I’m always late. Always.

I was the parent who noted this to the substitute bus driver the day before.  Every minute counts. Especially in the morning. Clearly this new driver guy didn’t realize that none of us are kidding and we’re not amused. 8:06 means 8:06. Not 8:04:33.

A few years ago, I would have been puzzled over how a 90 second early bus arrival could send so many parents into orbit but no longer. Just this morning as I was still in my bathrobe and we were one minute out from the bus arriving, I was barking at my Kindergartener to stick her head out into the bitter cold morning air to make sure she couldn’t see the bus.

Kind of  like it’s no surprise that Christmas is December 25 every year, why does it surprise me that I need to have the kids properly dressed, lunches packed and out the door to the bus stop by 8:06am every day? It shouldn’t but it does, especially when my husband is on extended travel and I am flying solo for several consecutive weeks. Morning routines are especially difficult when you don’t have a partner to help with the flow, which really is an art form.

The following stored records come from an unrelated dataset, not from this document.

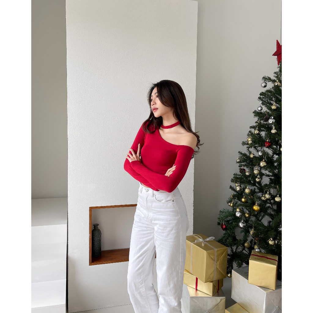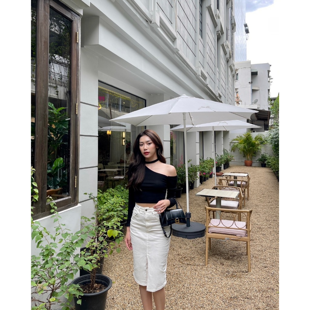 LC.ladiesclothess #LC188 ALLIE TOP เสื้อครอป เสื้อคล้องคอ เสื้อปาดไหล่
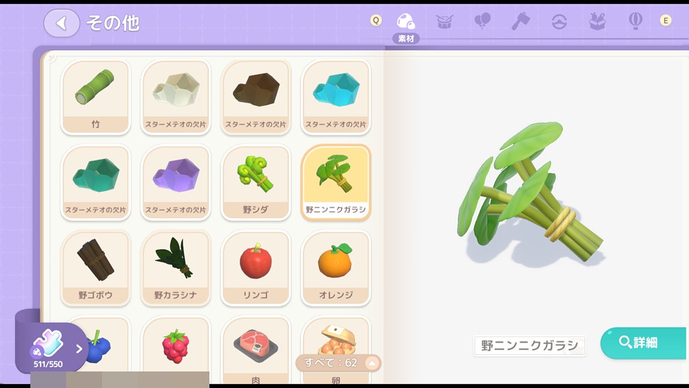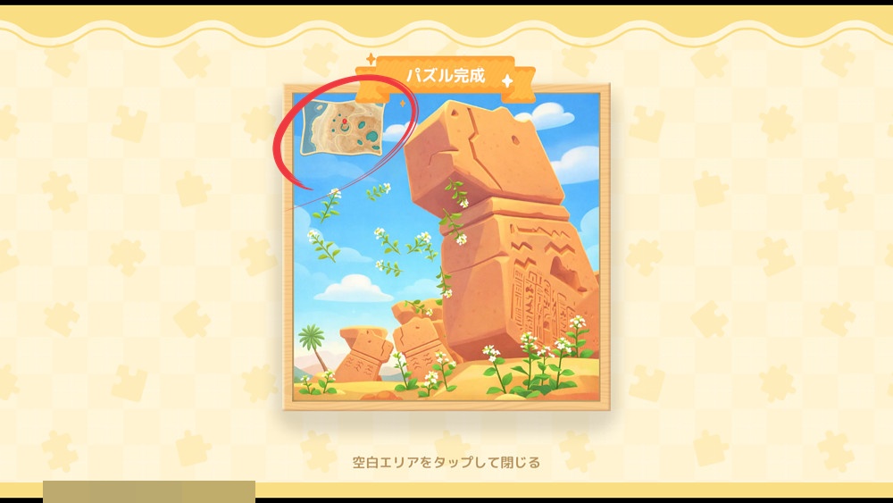 パズル完成後、パズルに記載されている場所(カピバラの餌箱周り)にいくと、3個×2箇所=6個分がプラスで採取できるように!
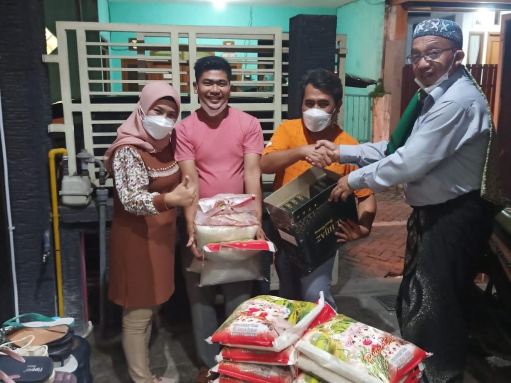 RAMADAN MUBAROK: Ketua SMSI Jatim H. S. Makin Rahmat, Kamis (14/4/2022) malam menyerahkan bantuan sosial ke pengurus yayasan dan tempat ibadah. (KS/IST)
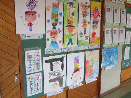 飯島小の廊下には、各学年のさまざまな作品が掲示されています。
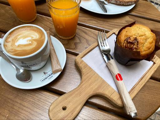 Quince minutos después el camarero trae el café y... Una rebanada de pan de molde, versión s.XXI, es decir pan de molde industrial "edición gourmet". -le indicó que le pedí expresamente pan artesanal de tahona - panadería. Coge el plato con la rebanada de pan de molde y sin darme opción de pedir otra cosa, se lo llevó y me he quedado sin desayunar. Moraleja: Los clientes no deben de pagar las consecuencias de estar de "mala Leite" por tener que trabajar el día de Navidad. Pensé en pedir la hoja de reclamaciones pero opté por lo siguiente: Ha sido la primera vez y la última que me ven en Lusitania Café.
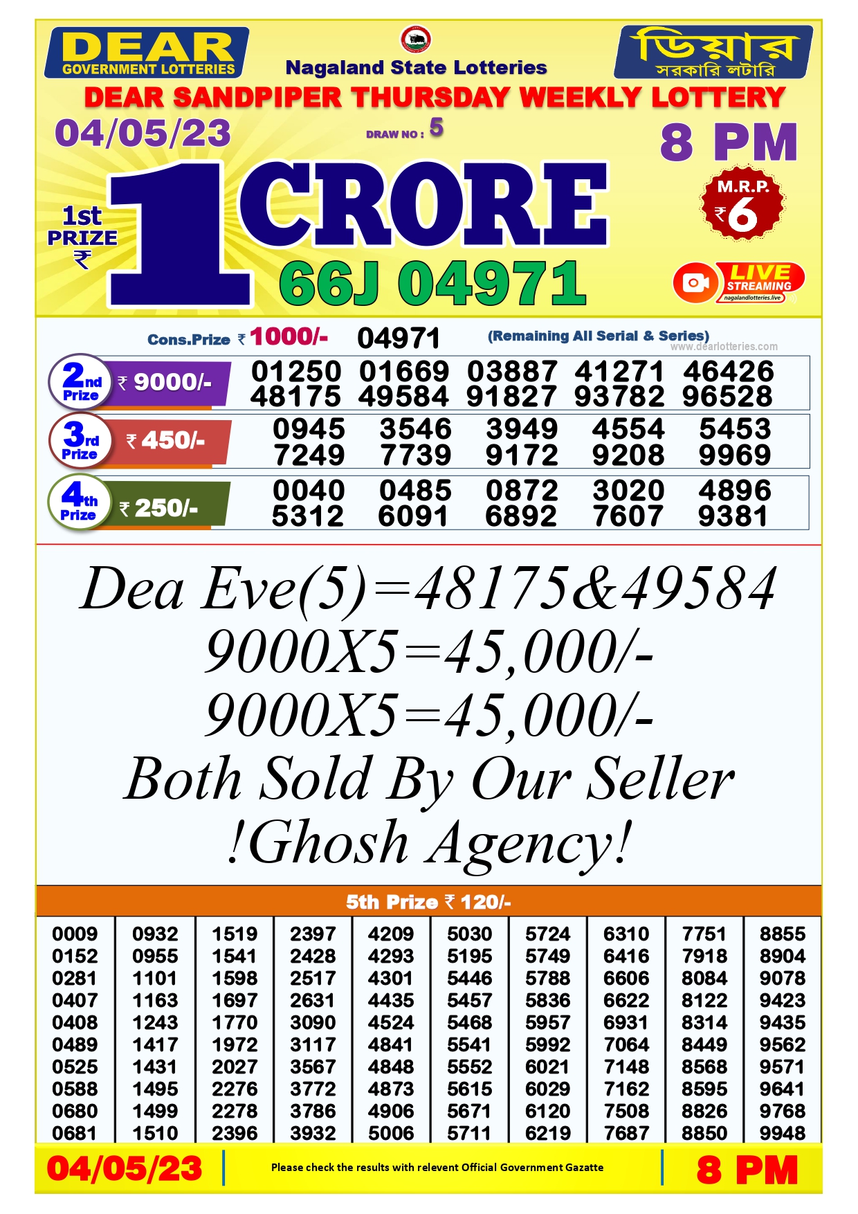 Nagaland State Dear Daily Lottery 4 May 2023 8pm Draw Result
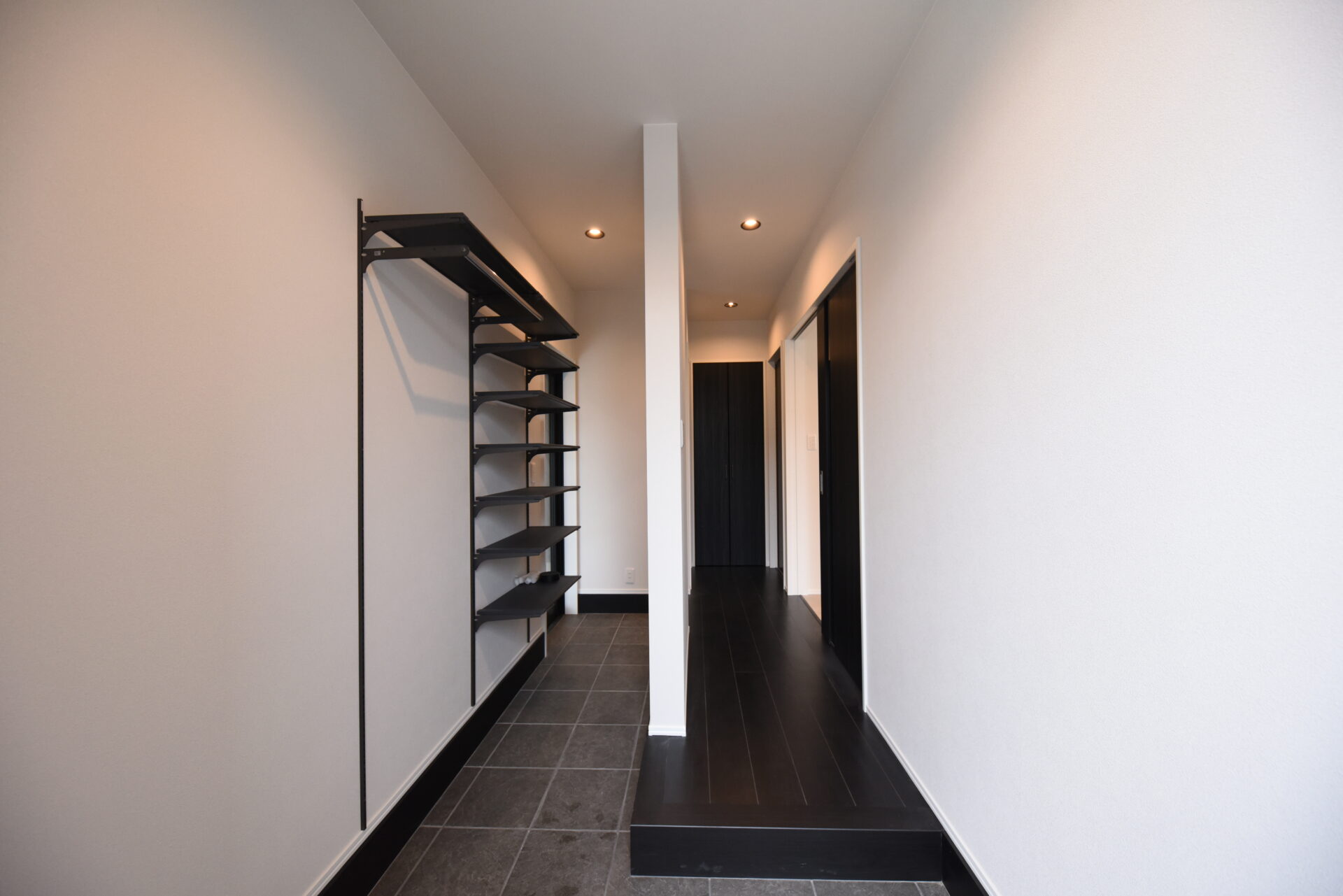 メイン玄関とガレージ入り口が土間でひと続きになった、混雑知らずのゆとりある設計。家族の帰宅や買い物帰りが重なっても、スムーズに家の中へ迎え入れてくれます。

Partly to blame, in my view, is the propensity to daydream that afflicts elementary school aged children.  Case in point: this morning, as I’m horrified to realize it’s 7:52am and both girls are still in their PJs, I asked the older one to get herself dressed while I blow dry my hair, wisely delegating duties and using our time efficiently, I think to myself.  Naively, of course.

Somehow what she instead hears is “Slowly take a leisurely walk to the other room and glance around until something sparkly for your hair catches your eye or some useless watch set to the wrong time, beckons you, and try to affix that watch to your wrist. Don’t worry about getting dressed. It really isn’t important.”

I know. I should love the day dreaming, life soaking, happy-go-lucky view of a Kindergartener. I really should.

But sometimes I don’t.  Sometimes it is like nails on a chalkboard.

Like in the morning when I know there is yet another substitute bus driver who could pull up 16 seconds early and therefore wreak havoc on all of us as we come peeling out our doors and bolting down the street, barking at our kids to move faster.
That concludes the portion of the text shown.